Set each entry down verbatim, omitting images.

-- SOURCE INFORMATION follows --

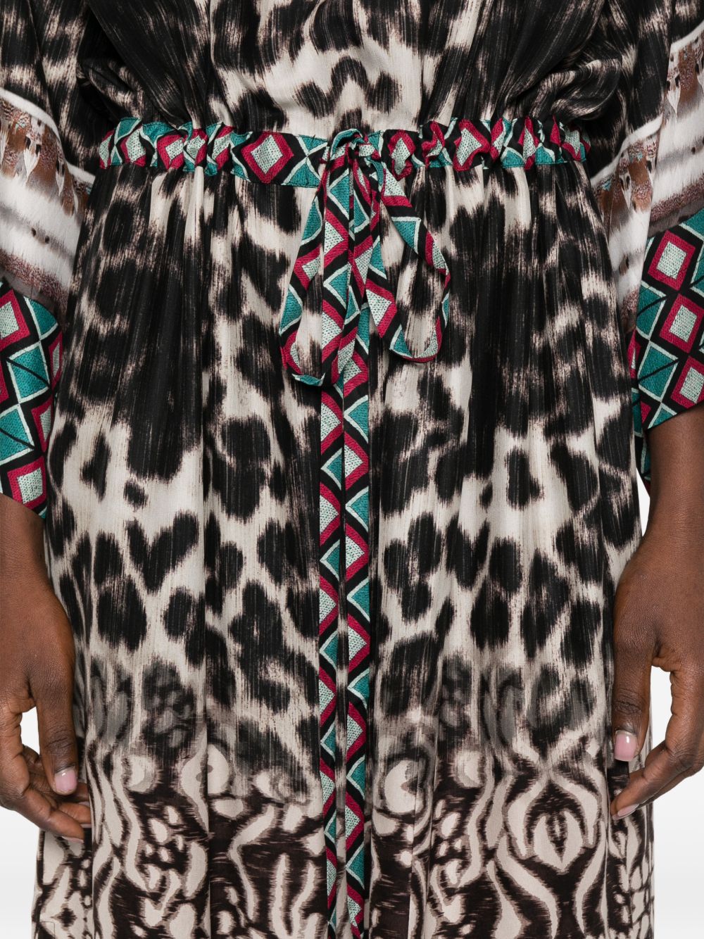 black ang beige multicolored geometric print animal print tie fastening short sleeves gathered waist
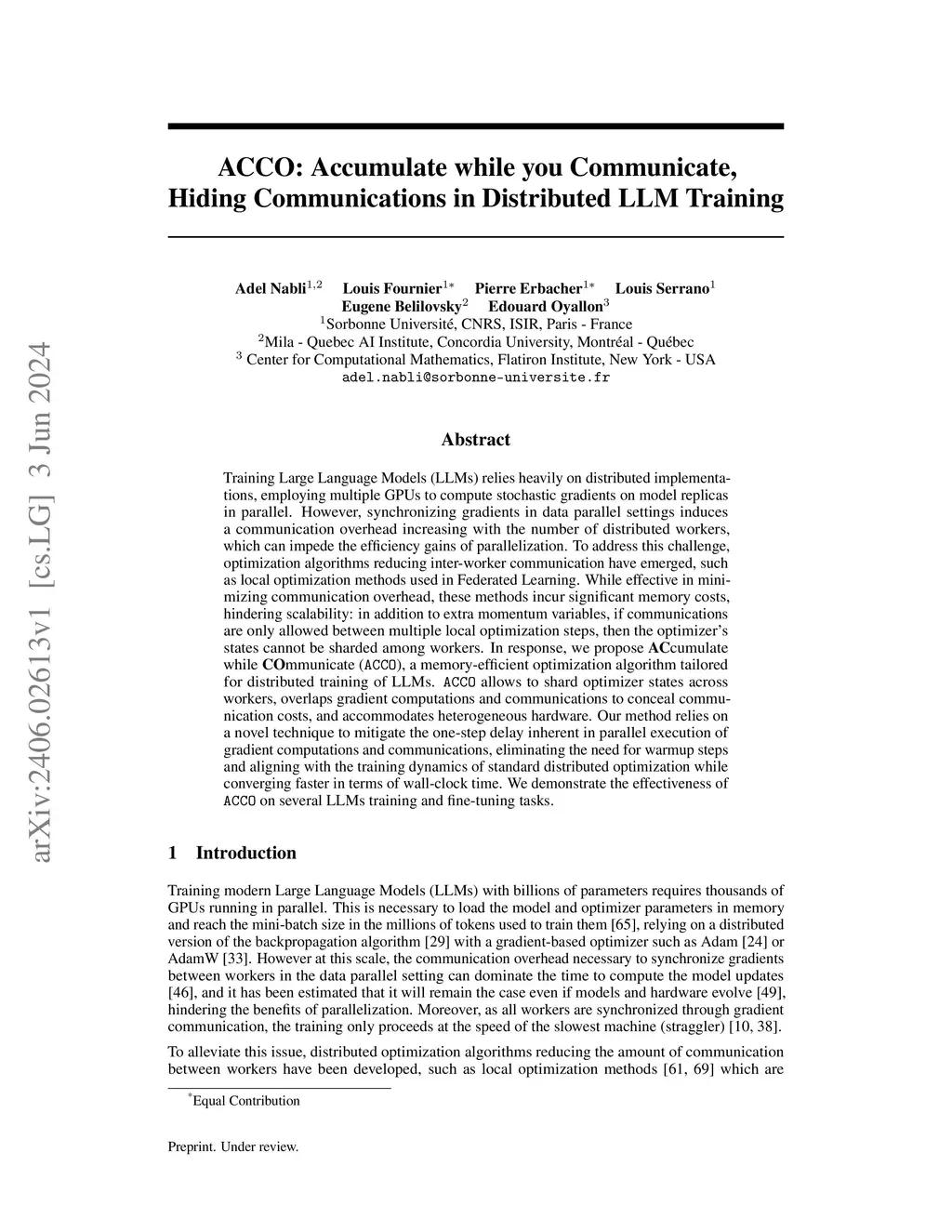 Training LLMs relies on distributed implementations using multiple GPUs to compute gradients in parallel with sharded optimizers. However, synchronizing gradients in data parallel setups introduces communication overhead that grows with the number of workers, limiting parallelization efficiency. Local optimization algorithms reduce communications but incur high memory costs as they prevent optimizer state sharding, hindering scalability. To address this, we propose \textbf{AC}cumulate while \textbf{CO}mmunicate (ACCO), a memory-efficient optimization algorithm for distributed LLM training. By synchronizing delayed gradients while computing new ones, ACCO reduces GPU idle time and supports heterogeneous hardware. To mitigate the convergence issues caused by delayed updates, we introduce a novel technique ensuring training dynamics align with standard distributed optimization. Compared to ZeRO-1, our approach is significantly faster and scales effectively across heterogeneous hardware.
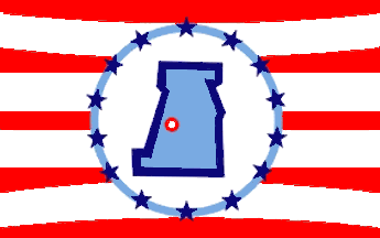 Nine horizontal, slightly curving red and white stripes, a central design consisting of an outer light blue ring with 14 dark blue stars, and a central disk with a dark blue bordered light blue map of the county. A red bordered white dot probably represents the location of the county town.
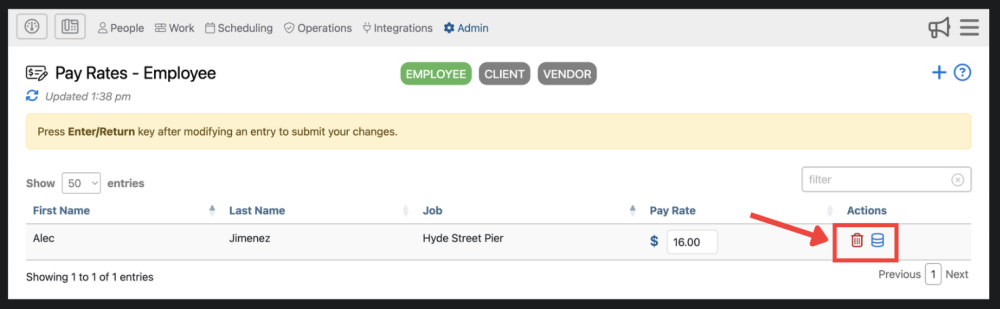 4. Here, you are able to edit the rate for any bill/pay rate record. Make sure you press Enter/Return to save your changes to the bill/pay rate.
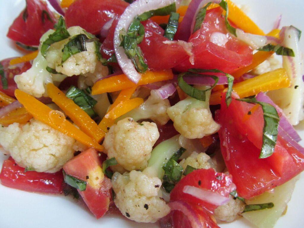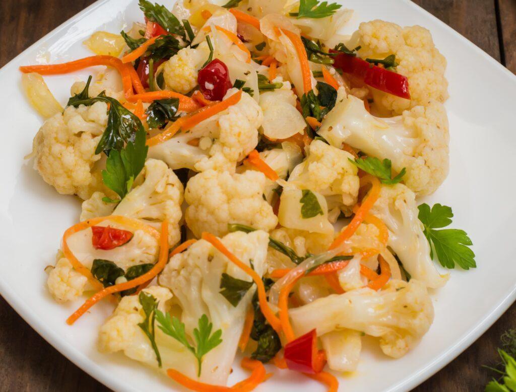 Пикантный салат из цветной капусты с морковью и помидорами

-- SOURCE INFORMATION concluded --

▶ _SOLUTION_
 black ang beige multicolored geometric print animal print tie fastening short sleeves gathered waist
 Training LLMs relies on distributed implementations using multiple GPUs to compute gradients in parallel with sharded optimizers. However, synchronizing gradients in data parallel setups introduces communication overhead that grows with the number of workers, limiting parallelization efficiency. Local optimization algorithms reduce communications but incur high memory costs as they prevent optimizer state sharding, hindering scalability. To address this, we propose \textbf{AC}cumulate while \textbf{CO}mmunicate (ACCO), a memory-efficient optimization algorithm for distributed LLM training. By synchronizing delayed gradients while computing new ones, ACCO reduces GPU idle time and supports heterogeneous hardware. To mitigate the convergence issues caused by delayed updates, we introduce a novel technique ensuring training dynamics align with standard distributed optimization. Compared to ZeRO-1, our approach is significantly faster and scales effectively across heterogeneous hardware.
 Nine horizontal, slightly curving red and white stripes, a central design consisting of an outer light blue ring with 14 dark blue stars, and a central disk with a dark blue bordered light blue map of the county. A red bordered white dot probably represents the location of the county town.
 4. Here, you are able to edit the rate for any bill/pay rate record. Make sure you press Enter/Return to save your changes to the bill/pay rate.
 Пикантный салат из цветной капусты с морковью и помидорами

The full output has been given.